ATR: Starting off, your books are unique because they are written in verse. Do you think that this gains or loses potential readers? What was it that first inspired you to write in verse?
EH: I think it works both ways. The verse appeals to readers who don't like thick blocks of text, but other readers like it, too, at least once they get used to it. People who have decided they hate anything that even resembles poetry are probably turned off by it. Again, though, if they'd just dive in and read my books for STORY, I think they'd like them.
ATR: Of all of your books, which was your favorite to write? Which was the hardest to write?
EH: My favorite to write was probably IDENTICAL, because of the plot twists and reflections on what is alike/not alike about twins. The hardest was probably GLASS, because it recounts the deepest part of "Kristina's" addiction, and was very hard to relive.

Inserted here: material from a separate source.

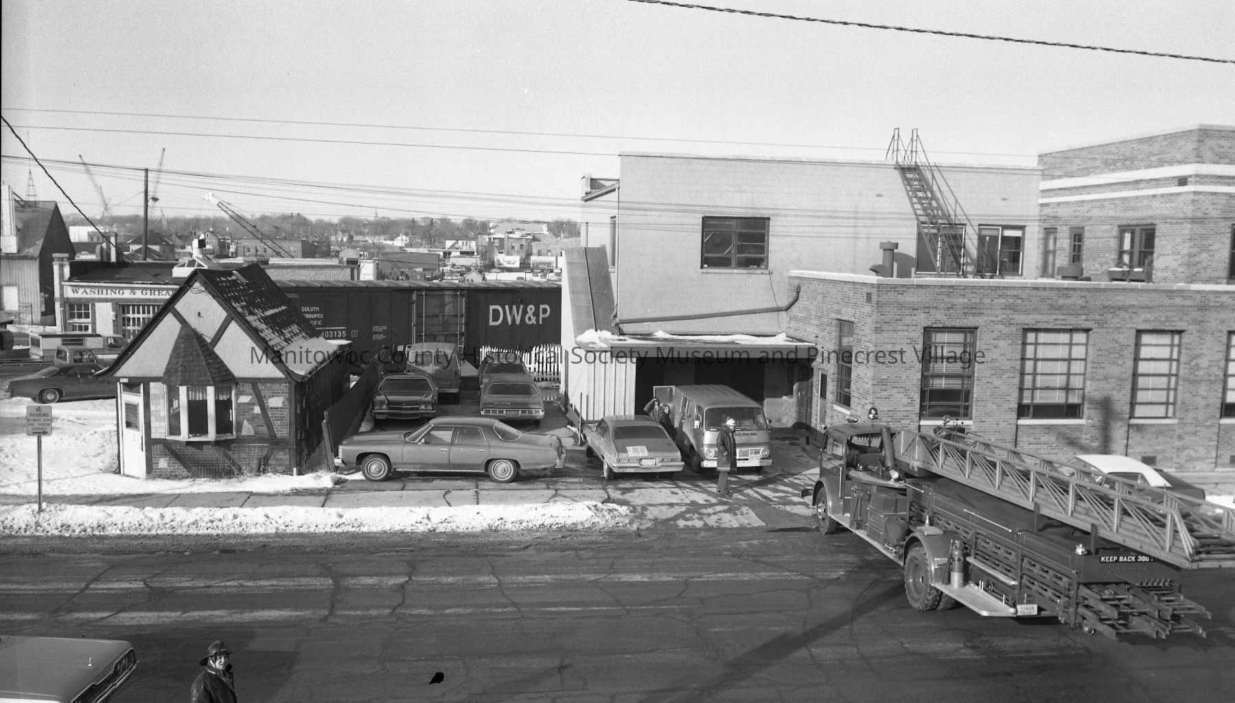 LaFrance aerial truck backing into Station #1 in downtown Manitowoc. At left is Midget Cafe and center the Herald Times office. Photograph taken on February 12th, 1975.Made/Created

ATR: Lately, I have noticed that you have been planning more books than ever. I mean, Perfect, Triangles, Tilt, Collateral, and Smoke (Although I’m not positive that last one is confirmed.) What has to be done before you can let the public know that you are writing a new book?
EH: At this point in my career, content is pretty much up to me. So once I'm sure in my own mind of what I'm writing when, I let people know. And, yes, SMOKE (the sequel to BURNED) is slated to be the 2013 YA.
ATR: You have said on your website that you never planned for your books to have sequels when you were writing them. At what point do you decide that a sequel would work for a certain book?
EH: Usually it's when I get so many requests for more of a story that I just can't NOT do a sequel. I won't, however, be doing any more CRANK books. I feel like I've exhausted Kristina's story, or maybe just exhausted myself from writing it.
ATR: I found it really cool how, in Perfect, the characters run into Connor and we get to see the meeting that we saw in Impulse from a different point of view. What I wondered while reading this was, how often did you have to refer to Impulse while outlining/writing Perfect to make the confrontations exact?
EH: Oh, many times, all the way through. My editor was really great about referencing IMPULSE, too, and she picked up something that most readers probably wouldn't have, but we wanted it right. Namely, I mentioned President Obama in PERFECT and she pointed out that he wasn't president, or even on most people's radar, when IMPULSE published in January 2007. IMPULSE has definite references to things like the Patriot Act, which date it fairly solidly in the George W. Bush era.
ATR: This week, you will release your first adult book, Triangles . After writing such highly praised YA books, do you worry that it will be hard to get adult’s approval?
EH: Well, a lot of my readers have "grown up" with my books, so to speak. Someone who was 16 or 17 when CRANK published in 2004 is in his/her twenties now. And they've shared my books with other adults--parents, teachers, etc. So to a point I have a built-in adult readership. I'm hopeful that bloggers will help me grow that readership even more.
ATR: What would you say if a teen asked you if they should read Triangles ?
EH: I'd say it depends on the maturity level of the teen. When I was a teen, we didn't have much YA to speak of, and I was definitely reading books with mature subject matter--as mature as what you'll find in TRIANGLES. It didn't damage me! But there are definitely some very steamy sex scenes in TRIANGLES. If a teen is mature enough to handle those, I think the story, even with adult protagonists, will interest him/her.
ATR: Tilt is your upcoming YA companion novel to Triangles . How are the two novels related to each other?
EH: The three main characters in TRIANGLES have teens, and these kids have stories of their own. The books begin at the same time, but TILT moves quite a bit past where TRIANGLES leaves off and, at the heart, is about how a death in both books affects the three TILT protagonists, making them assess their own lives. It touches on falling in love with someone with HIV, teen pregnancy, and losing oneself in an abusive and unproductive relationship.
ATR: What words would you give to young aspiring writers?
EH: Read voraciously, and write the same way. Be observers--no, voyeurs. And be patient. Every day enrichens your life, and also your writing.
ATR: If you could go anywhere on the planet, where would you go?
EH: That's a hard question, because I've been many beautiful places, and would like to return to them. But I'd also like to see someplace I've never seen. Maybe Costa Rica, which is on my Bucket List.
ATR: Do you ever take a break? What do you like to do when you aren’t writing?
EH: When I'm home (as opposed to many travel days, doing promotion, conferences, etc.), I take many small breaks during each day to enjoy my beautiful home and spend time with family and friends. We also ski, hike, bike, etc.
ATR: How long, on average, do you write in a day?
EH: Good days for me, and there are many, include six to eight hours writing. But even when I'm busy with other stuff, I try to write at least an hour or two every day.
ATR: I’ll leave you with this question: if you could describe happiness in five words, what would they be?
EH: Home. Family. Friends. German Shepherds.
Thank you, Ellen, for agreeing to do an interview with me. I wish you luck with your writing career, and I can't wait to read your future books!